* [ASSIGNMENT] From the listing below, extract each entry exactly as written, minus the images.

* [MATERIAL PROVIDED]

== == ==

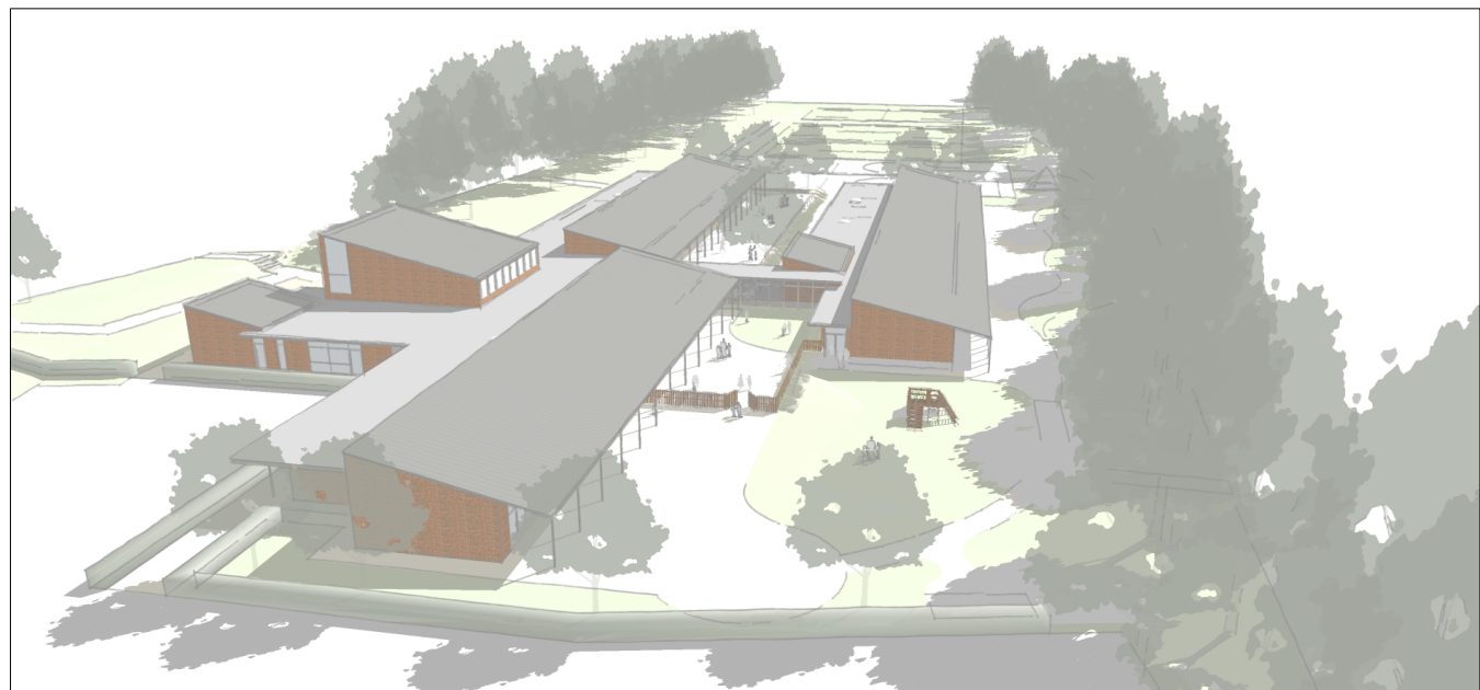
Proposed Aerial View Looking North East
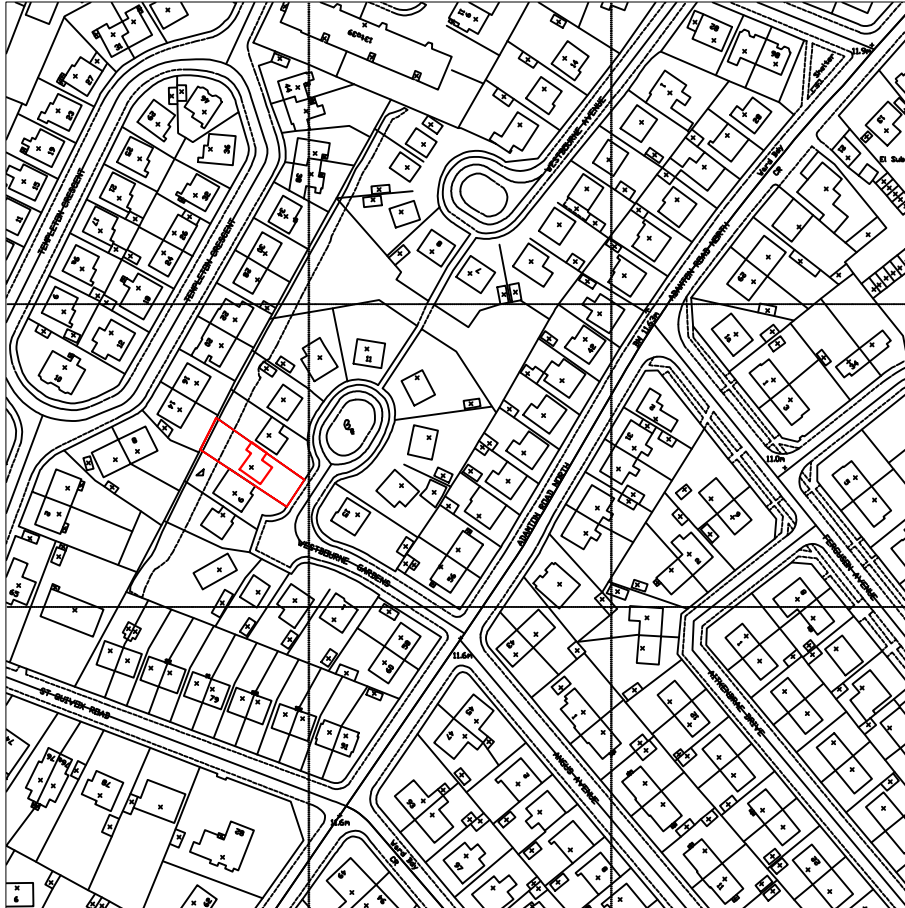
LOCATION PLAN SCALE 1/1250
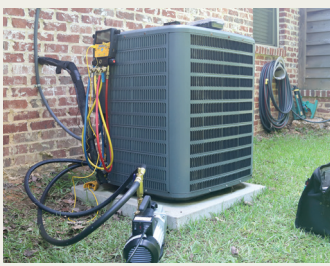
Pre-season HVAC tune ups
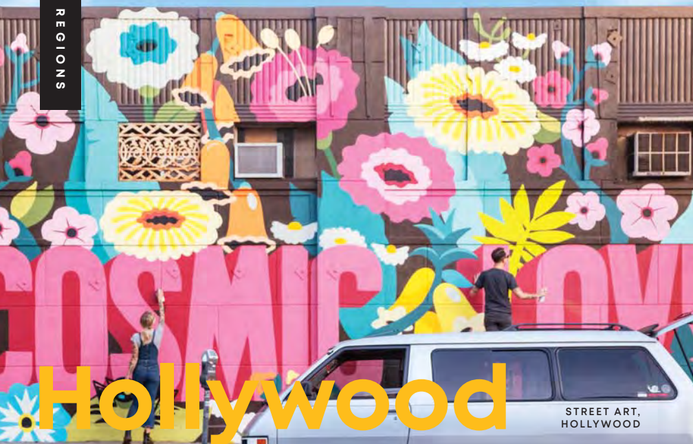
STREET ART, HOLLYWOOD

RIGHTFULLY KNOWN AS THE ENTERTAINMENT CAPITAL OF THE world, Hollywood is an essential part of the Los Angeles experience for millions of visitors each year. Explore the Hollywood Museum, TCL Chinese Theatre, and the Hollywood Walk of Fame, where lasting star tributes to celebrities have been cast in brass and terrazzo for more than 50 years. Visit the nearby Dolby Theatre®, site of the Academy Awards®. It's located at Hollywood & Highland, a complex at the iconic intersection where shopping, dining, and entertainment opportunities surround a spectacular courtyard modeled after the massive sets of the 1916 silent film Intolerance . Not far away, at Universal Studios Hollywood™, get a look behind the scenes at a working back lot and experience rides that bring popular films such as the Harry Potter blockbusters to life. The Warner Bros. Studio Tour Hollywood offers fans a daily glimpse of filmmaking magic with tours in multiple languages of the studios' back lots, an archive with sets from The Big Bang Theory , and a backstage look at one of the many soundstages. In addition to entertainment and studios, Hollywood encompasses neighborhoods such as Thai Town and Little Armenia, offering a rich array of ethnic cuisines. Fresh California produce can be purchased whole at Hollywood Farmers' Market as well as enjoyed in chef's creations at restaurants like Yamashiro and Japan House cultural center and restaurant.
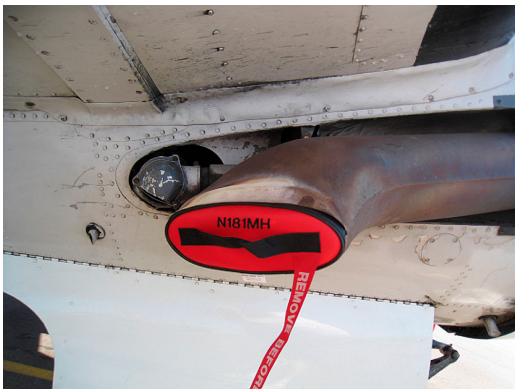
Beech 18 Exhaust Plugs
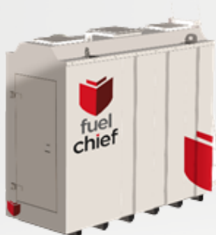
DC50 - 5,000L (4,755 SFL)

The Industry package has all the features that the Business packages offers, however incorporates the Sapphire Online or Everlink AFM (E)* fuel management system. This is the premium option when it comes to monitoring your fuel with advanced real-time technology. This option is perfect if you have a fleet of vehicles on one site or across a number of sites and require real-time data in one place. This package includes users who may have vehicles which are re-fuelling at both a company yard tank and retail fuel outlets or truck stops. Listed below are the Industry Series package options:
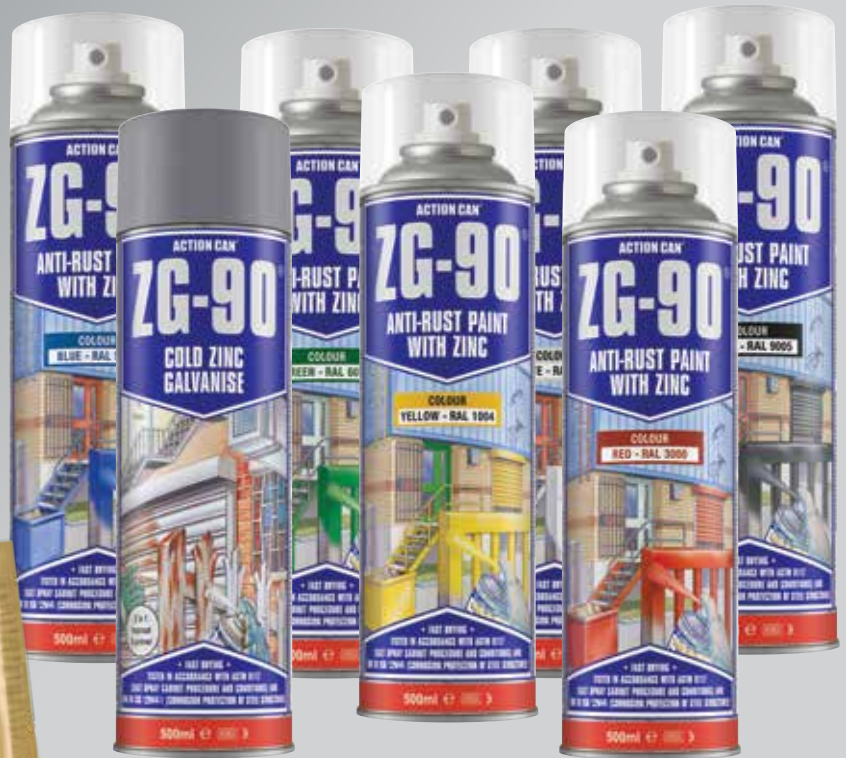
Blue Galvanise Green Yellow White Red Black

== == ==

* [OUTPUT OF THE TASK]
Proposed Aerial View Looking North East
LOCATION PLAN SCALE 1/1250
Pre-season HVAC tune ups
STREET ART, HOLLYWOOD

RIGHTFULLY KNOWN AS THE ENTERTAINMENT CAPITAL OF THE world, Hollywood is an essential part of the Los Angeles experience for millions of visitors each year. Explore the Hollywood Museum, TCL Chinese Theatre, and the Hollywood Walk of Fame, where lasting star tributes to celebrities have been cast in brass and terrazzo for more than 50 years. Visit the nearby Dolby Theatre®, site of the Academy Awards®. It's located at Hollywood & Highland, a complex at the iconic intersection where shopping, dining, and entertainment opportunities surround a spectacular courtyard modeled after the massive sets of the 1916 silent film Intolerance . Not far away, at Universal Studios Hollywood™, get a look behind the scenes at a working back lot and experience rides that bring popular films such as the Harry Potter blockbusters to life. The Warner Bros. Studio Tour Hollywood offers fans a daily glimpse of filmmaking magic with tours in multiple languages of the studios' back lots, an archive with sets from The Big Bang Theory , and a backstage look at one of the many soundstages. In addition to entertainment and studios, Hollywood encompasses neighborhoods such as Thai Town and Little Armenia, offering a rich array of ethnic cuisines. Fresh California produce can be purchased whole at Hollywood Farmers' Market as well as enjoyed in chef's creations at restaurants like Yamashiro and Japan House cultural center and restaurant.
Beech 18 Exhaust Plugs
DC50 - 5,000L (4,755 SFL)

The Industry package has all the features that the Business packages offers, however incorporates the Sapphire Online or Everlink AFM (E)* fuel management system. This is the premium option when it comes to monitoring your fuel with advanced real-time technology. This option is perfect if you have a fleet of vehicles on one site or across a number of sites and require real-time data in one place. This package includes users who may have vehicles which are re-fuelling at both a company yard tank and retail fuel outlets or truck stops. Listed below are the Industry Series package options:
Blue Galvanise Green Yellow White Red Black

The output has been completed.